The alley took Vivian to the northern end of The Great World. An avenue of novelty stalls led south, flanking a central aisle teeming with patrons. In one corner an Indian yogi began swallowing the knives he had been juggling and a Malay fire-eater spat bursts of flames at his audience. Farther on, a shrivelled guru in a white turban charmed a glistening black spitting cobra. At a shooting gallery one could hear the snap of air rifles and the crash of stricken light bulbs.
She plowed through bands of steam that drifted from one side of the street to the other, her cadence deliberate and urgent. She passed rows of stalls blazing with huge cooking fires. Ducks and chickens, hideously waxed and flattened, hung from rafters.
The clatter of boots neared. She ventured a sharp right turn towards the Atlantic cinema. There the stench of the river was heavy against the musk of wooden crates and burlap.

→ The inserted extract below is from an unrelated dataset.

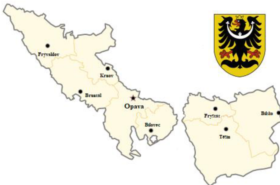
Mapa č. 2: Soudní okresy politického okresu Opava mezi lety 1868-1896
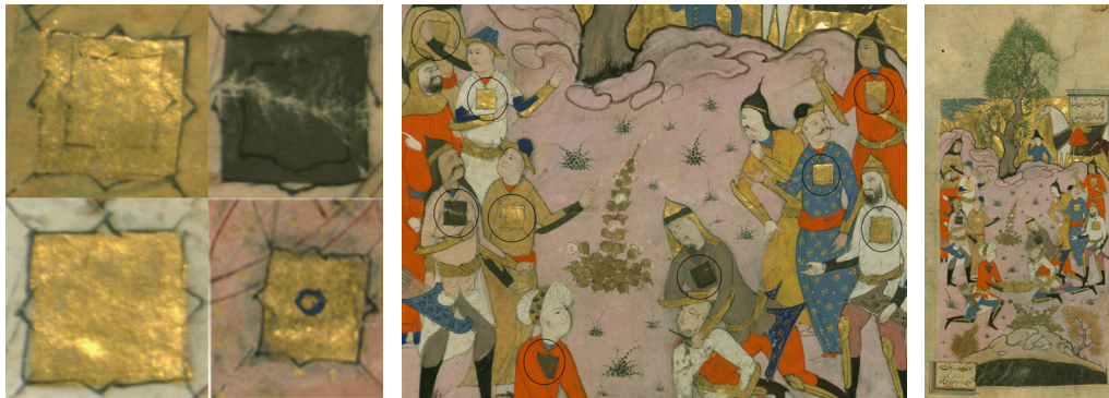
تصویر ۱- گردن زدن سیاوش محل نگهداری موزه والترز. شماره اثر W602.000280 و جزئیات سپر نصب شده.

مثلث، مربع و یا هر شکل دیگر هندسی، علاوه بر فرم ظاهری، واقعیتی در خود دارند که درک آنها به وسیله تأویل، انسان را به دنیای تشابهات و تمثیل و درنهایت به حقیقت سوق می‌دهد

She shouldered her way past the movie-going crowds and burrowed through a dodgy little entrance set into a wall plastered in an eclectic patchwork of outdated advertisements and movie posters. A row of date palms lined the building’s front, and above a grand oak-framed entrance The Flamingo flashed in gaudy, pink neon script.
Inside, the roof was high and ribbed in ornate arches of teak. Cast-iron electric lamps hung from them. An octagonal dancehall sat in the centre, lively with dancers. A band in white jackets played on stage.
A bartender at a makeshift cocktail bar watched Vivian navigate the sea of tables, politely rejecting dance offers by regulars and tipsy sailors who knew her to be one of the club’s most sought-after taxi-dancers. At the bar she slipped the briefcase through the table’s skirting, took off her shawl and fascinator and luxuriantly tossed free her pin curls. Amid the glorious notes of Paul Whiteman’s Flamin’ Mamie, Vivian whispered something into the bartender’s ear and waltzed over to the dance floor.